We are All Completely Beside Ourselves by Karen Joy Fowler
Meet the Cooke family. Our narrator is Rosemary Cooke. As a child, she never stopped talking; as a young woman, she has wrapped herself in silence: the silence of intentional forgetting, of protective cover. Something happened, something so awful she has buried it in the recesses of her mind...

Girl in Translation by Jean Kwok
When Kimberly Chang and her mother emigrate from Hong Kong to Brooklyn squalor, she quickly begins a secret double life: exceptional schoolgirl during the day, Chinatown sweatshop worked int he evenings. Disguising the more difficult truths of her life like the staggering degree of her poverty, the weight of her family's future resting on he shoulders, or her secret love for a factory boy who shares none of her talent or ambition. Kimberly learns to constantly translate not just her language but herself back and forth between the worlds she straddles...

The Fault in Our Stars by John Green
Despite the tumor-shrinking medical miracle that has bought her a few years, Hazel has never been anything but terminal, her final chapter inscribed upon diagnosis. But when a gorgeous plot twist names Augustus Waters suddenly appears at Cancer Kid Support Group, Hazel's story is about to be completely rewritten...


Snow Flower and the Secret Fan by Lisa See
In nineteenth-century China, in a remote Hunan county, a girl named Lily, at the tender age of seven, is paired with a laotong, "old same," in an emotional match that will last a lifetime. The laotong, Snow Flower, introduces herself by sending Lily a silk fan on which she's painted a poem in nu shu, a unique language that Chinese women created in order to communicate in secret, away from the influence of men. As the years pass, Lily and Snow Flower send messages on fans, compose stories on handkerchiefs, reaching out of isolation to share their hopes, dreams, and accomplishments...

Wonder by R.J. Palacio
August Pullman was born with a facial deformity that prevented him from going to a mainstream school - until now.

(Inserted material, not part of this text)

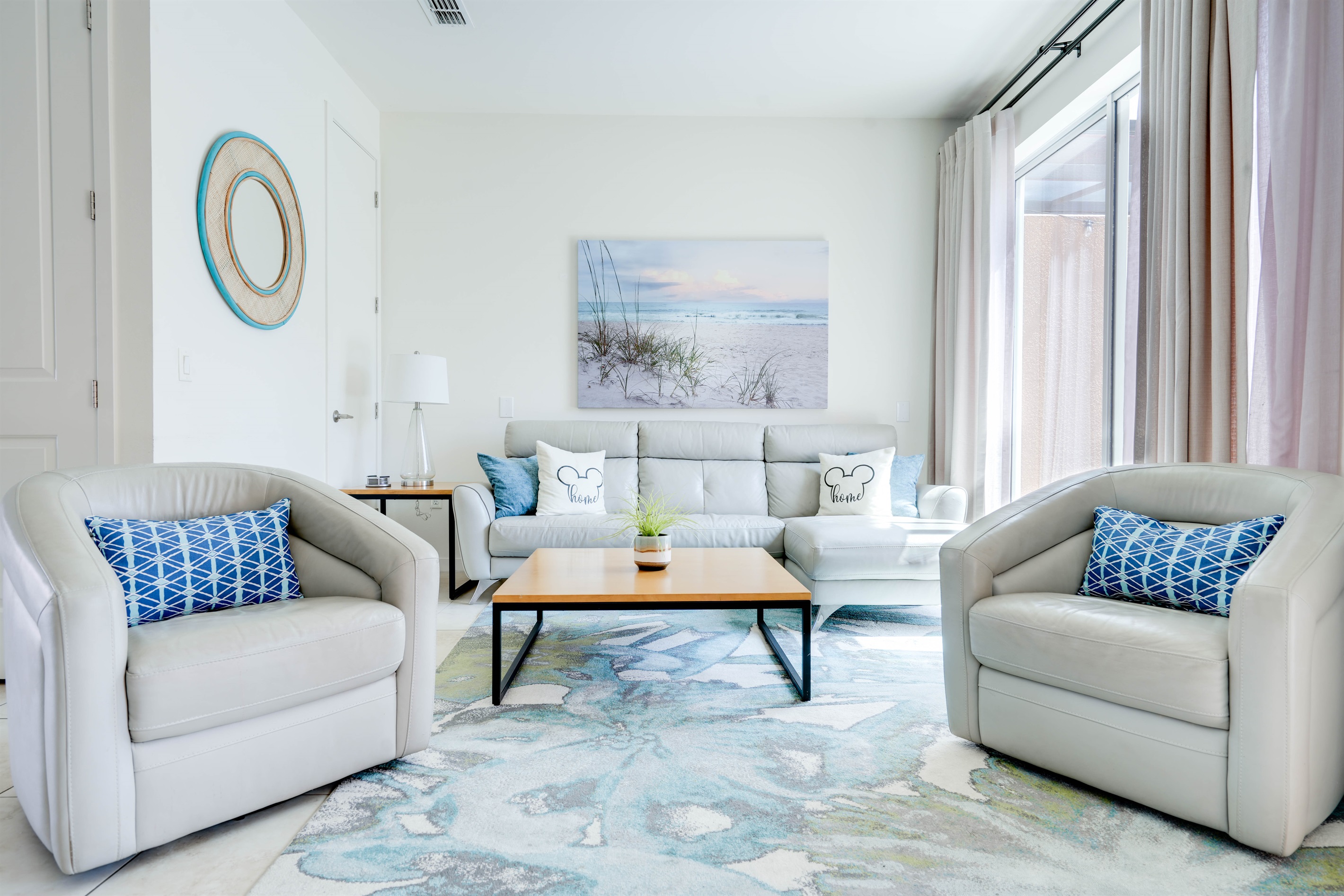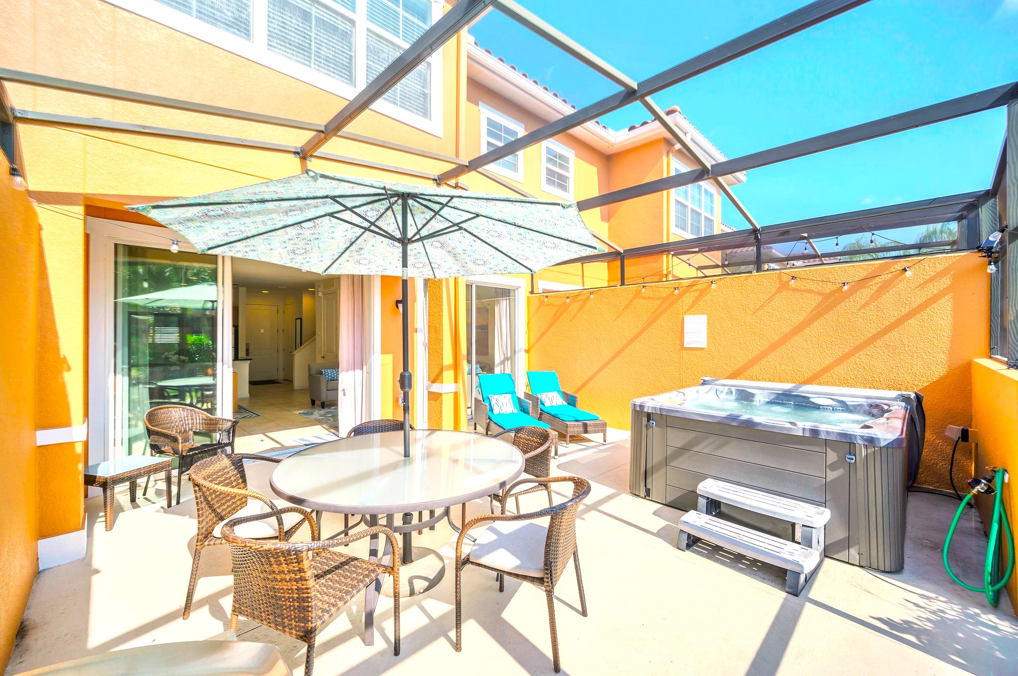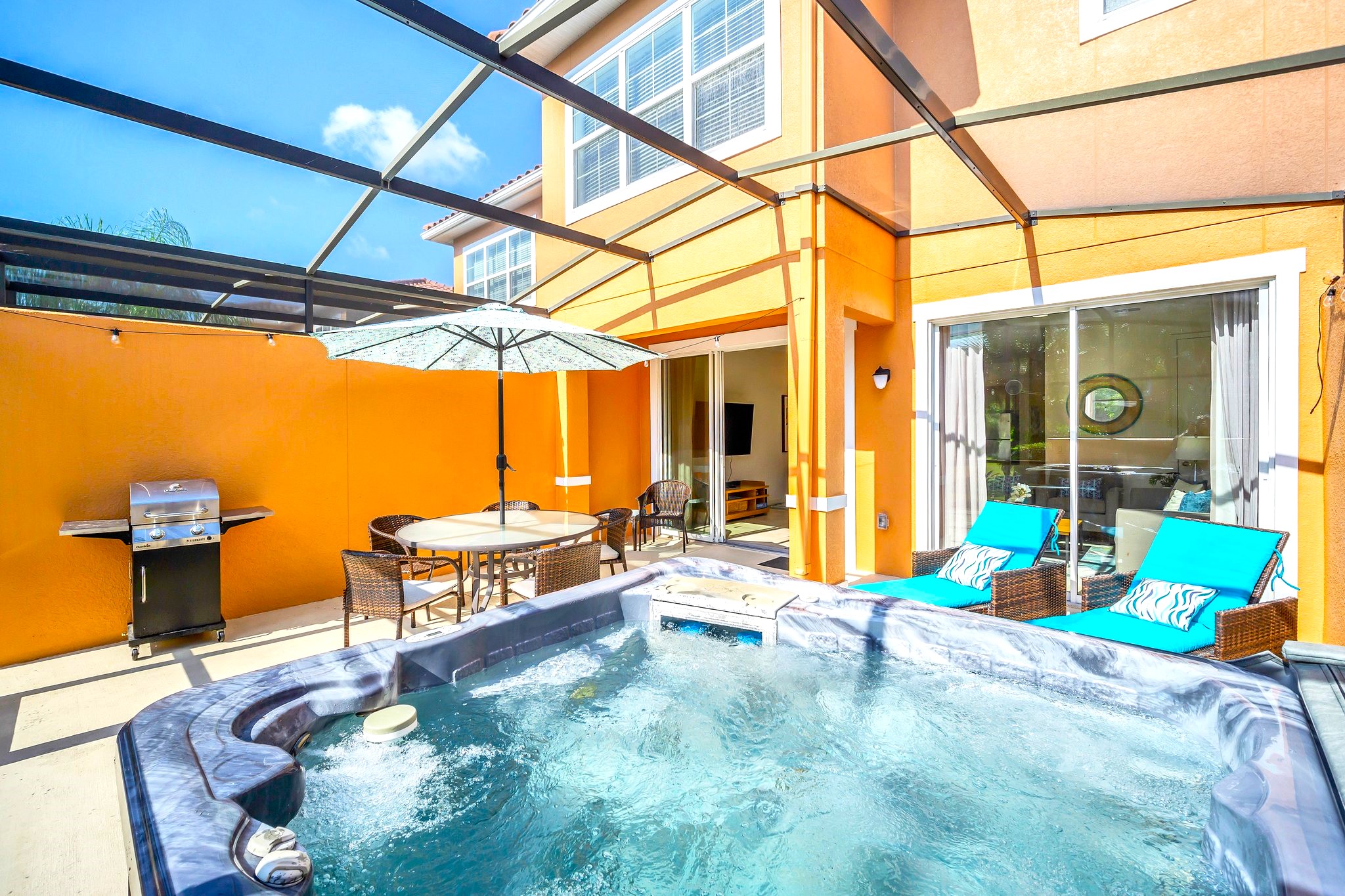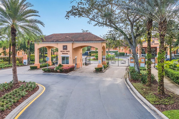 Escape to this charming 2-bedroom, 2-bathroom townhome in the gated Regal Oaks resort community, just minutes from Disney World. This inviting home features a bright, open-concept living space with fresh beach decor, seamlessly blending the dining, living, and kitchen areas. Each bedroom offers its own ensuite bathroom for ultimate comfort and privacy. Step outside to your private lanai, complete with a hot tub and serene courtyard view—perfect for relaxing or dining al fresco. Enjoy the perfect blend of modern convenience and coastal charm in this ideal vacation retreat

He's about to start 5th grade at Beecher Prep, and if you've ever been the new kid then you know how hard that can be. The thing is Auggie's just an ordinary kid, with an extraordinary face. But can he convince his new classmates that he's just like them, despite appearances?...






Have you read any of these titles? If not, give one a try and let me know how you like it! 

2 comments:

  1. I am reading "We Are Completely Beside Ourselves" right now. I started it awhile ago and haven't had time to continue reading but I have liked what I have read so far. Hopefully, I can get back at it soon.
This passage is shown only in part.